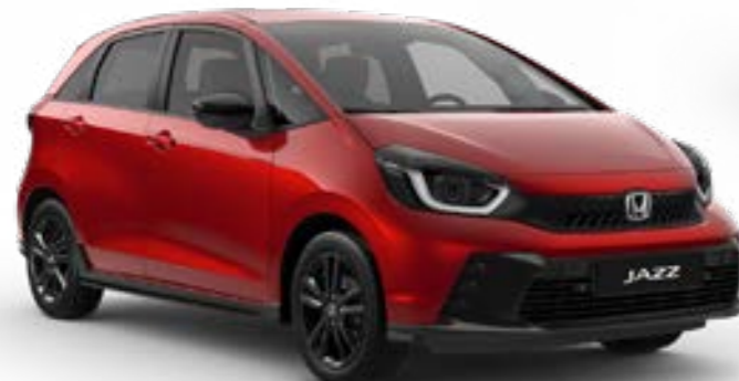
Premium Crystal Red Metallic
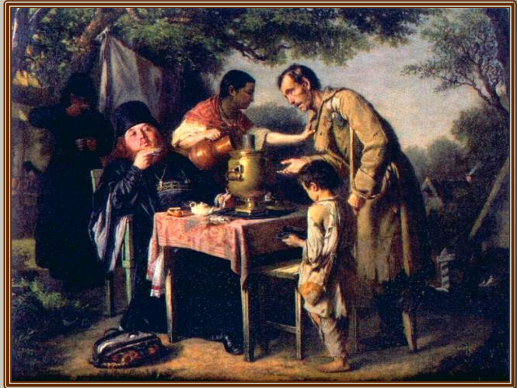
В.Г.Перов "Чаепитие в Мытищах". ГТГ, Москва, 1862г.

Основным направлением русской живописи 2-й пол. XIX в. стал критический реализм. В полотнах В.Г.Перова показаны неприглядные стороны российской действительности - деградация духовенства, чванство и пустота высших сословий, невежество забитых нуждой народных масс. В 1863 г. группа выпускников АХ отказалась писать картины на темы скандинавского эпоса, заявив что в русской действительности есть более достойные темы. В 1870 г.они создали Товарищество передвижных художественных выставок.
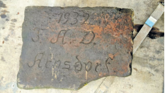
1932 Steinplatte gefunden an 3 Bahnbrücken Arnsdorfer Seite rechts
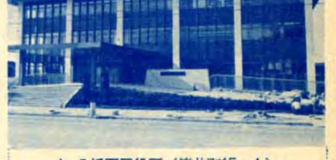
* 八幡西区役所(筒井町15-1)

八幡東区 ▶荒手一・二丁目、荒生田一〜三丁目、石坪町、祝町一・二丁目、枝光一〜五丁目、枝光本町、大蔵一〜三丁目、大谷一・二丁目、大宮町、尾倉一〜三丁目、大字枝光、大字大蔵、大字尾倉、大字小倉野(小倉北区に属する区域を除く)、大字田代(旧八幡区の区域に限る)、大字前田、大字若松(字葛島に限る) ▶勝山一・二丁目、上本町一・二丁目、神山町、川淵町、祇園一〜四丁目、祇園原町、清田一〜三丁目、豊勝町 ▶山王一〜四丁目、昭和一〜三丁目、白川町、末広町、諏訪一・二丁目 ▶高見一〜五丁目、竹下町、茶屋町、中央一〜三丁目、楓町一・二丁目、天神町 ▶中尾一〜三丁目、中畑一・二丁目、西合良町、西本町一〜四丁目、西丸山町 ▶羽衣町、八王寺町、花尾町、春の町一〜五丁目、東合良町、東鉄町、東丸山町、東山一・二丁目、日の出一〜三丁目、平野一〜三丁目、藤見町、帆柱一〜四丁目 ▶前田一〜三丁目、松尾町、宮田町、宮の町一・二丁目、桃園一〜四丁目 ▶豊町
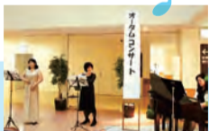
レ・ヴィオレッタによるオータムコンサート
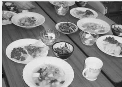
おいしい料理の出来あがり
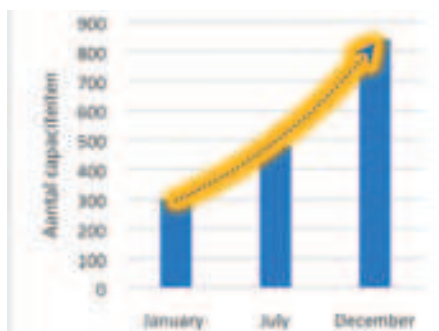
Figuur 3: groei van de i.Revitalise capaciteiten in aanbod (2018)

Ten tweede is er een versterking van het Europese industriële weefsel. Delen van capaciteit genereert extra omzet, maar zorgt ook voor meer weerbaarheid voor bedrijven. Deze 5 miljard euro is het potentieel aan extra omzet voor deze bedrijven, op een duurzame manier (hergebruik van be-
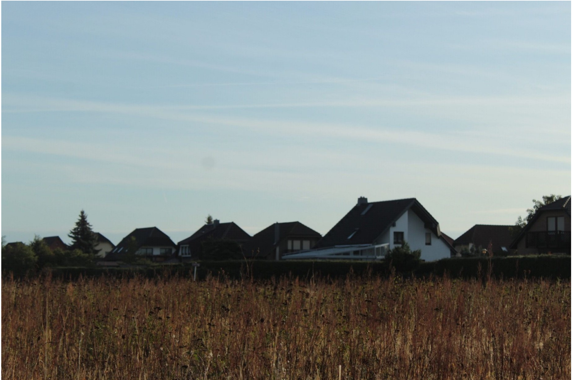
Gewinner Aufgabe 3 Alina Eisenbeis, Deutschland
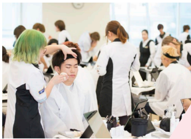
メイク、ヘアのほか着付けなどの授業を行う

理事長はさらに一言。 山野学苑は、変化を遂げる社会で必要とされる人材育成を発展・継続し、次の10年20年後も美容教育の最先端であり続ける。
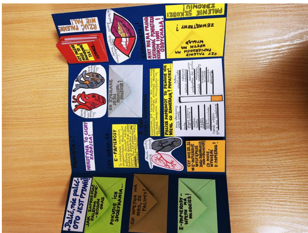
Zdjęcie nr 11. - Nagrodzona praca konkursowa w konkursie „Palić, nie palić – oto jest pytanie?”

- we współpracy ze Starostwem Powiatowym konkurs na etapie powiatowym pod hasłem „Palić, nie palić – oto jest pytanie?” na lapbooka o tematyce antytytoniowej, skierowany do uczniów klas V. W konkursie wzięło udział 12 szkół podstawowych na terenie powiatu, na konkurs wpłynęło 12 prac. Nagrodzono 3 prace oraz przyznano 2 wyróżnienia. Nagrody ufundowało Starostwo Powiatowe w Kościanie. Praca która zajęła I miejsce na etapie powiatowym została przesłana na etap wojewódzki gdzie zajęła III miejsce.
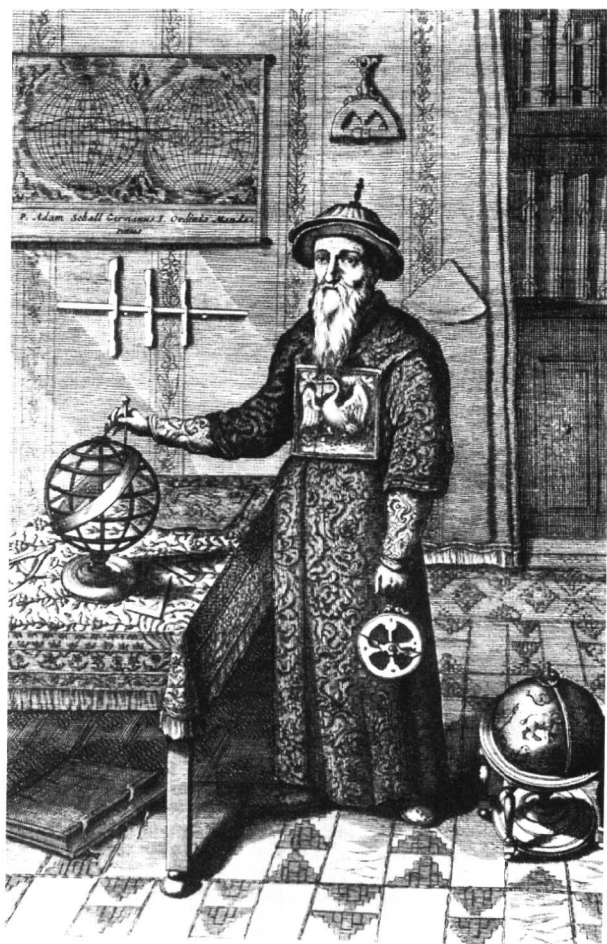
一六七〇年汤若望 (Adam Schall) 在北京
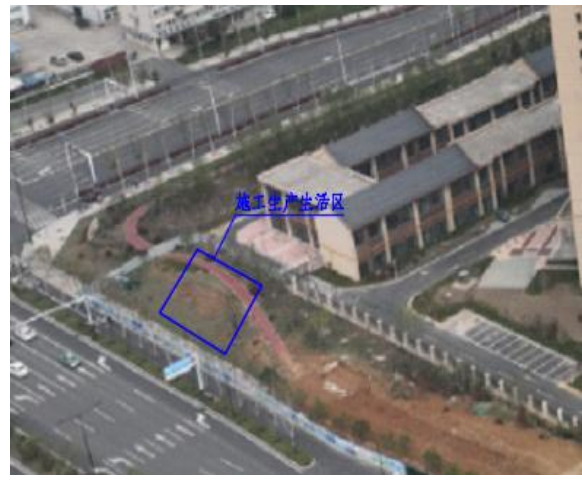
施工生产生活区现状图（2023 年 3 月）
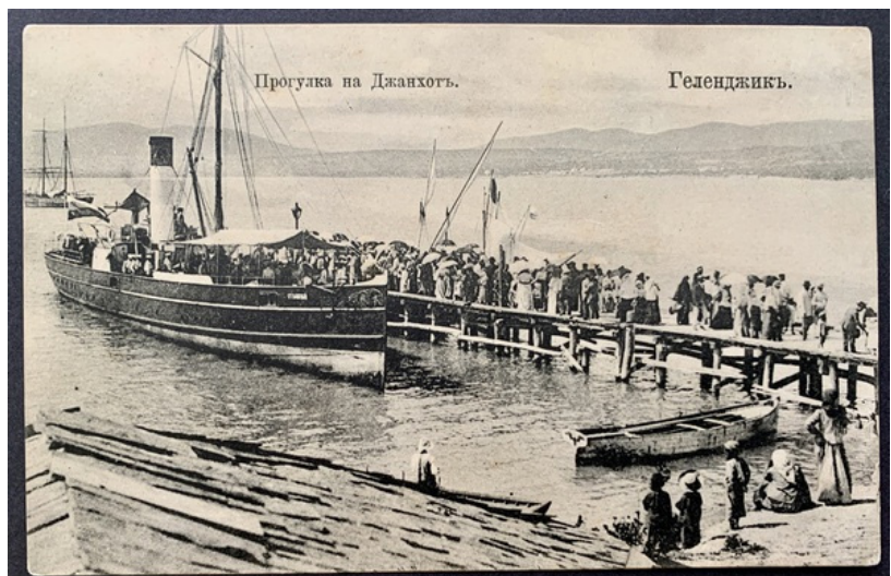
Рис. 5. Открытка «Геленджикъ. Прогулка на Джанхотъ». Россия, между 1904 и 1909 гг. Из фондов КГИАМЗ им. Е. Д. Фелицына (КМ 8365/12612)

[Task prompt]: Retype, exactly and with no pictures, everything above from the line with "おいしい料理の出来あがり" down to the line with "一六七〇年汤若望 (Adam Schall) 在北京", both included.

[Reply]:
おいしい料理の出来あがり
Figuur 3: groei van de i.Revitalise capaciteiten in aanbod (2018)

Ten tweede is er een versterking van het Europese industriële weefsel. Delen van capaciteit genereert extra omzet, maar zorgt ook voor meer weerbaarheid voor bedrijven. Deze 5 miljard euro is het potentieel aan extra omzet voor deze bedrijven, op een duurzame manier (hergebruik van be-
Gewinner Aufgabe 3 Alina Eisenbeis, Deutschland
メイク、ヘアのほか着付けなどの授業を行う

理事長はさらに一言。 山野学苑は、変化を遂げる社会で必要とされる人材育成を発展・継続し、次の10年20年後も美容教育の最先端であり続ける。
Zdjęcie nr 11. - Nagrodzona praca konkursowa w konkursie „Palić, nie palić – oto jest pytanie?”

- we współpracy ze Starostwem Powiatowym konkurs na etapie powiatowym pod hasłem „Palić, nie palić – oto jest pytanie?” na lapbooka o tematyce antytytoniowej, skierowany do uczniów klas V. W konkursie wzięło udział 12 szkół podstawowych na terenie powiatu, na konkurs wpłynęło 12 prac. Nagrodzono 3 prace oraz przyznano 2 wyróżnienia. Nagrody ufundowało Starostwo Powiatowe w Kościanie. Praca która zajęła I miejsce na etapie powiatowym została przesłana na etap wojewódzki gdzie zajęła III miejsce.
一六七〇年汤若望 (Adam Schall) 在北京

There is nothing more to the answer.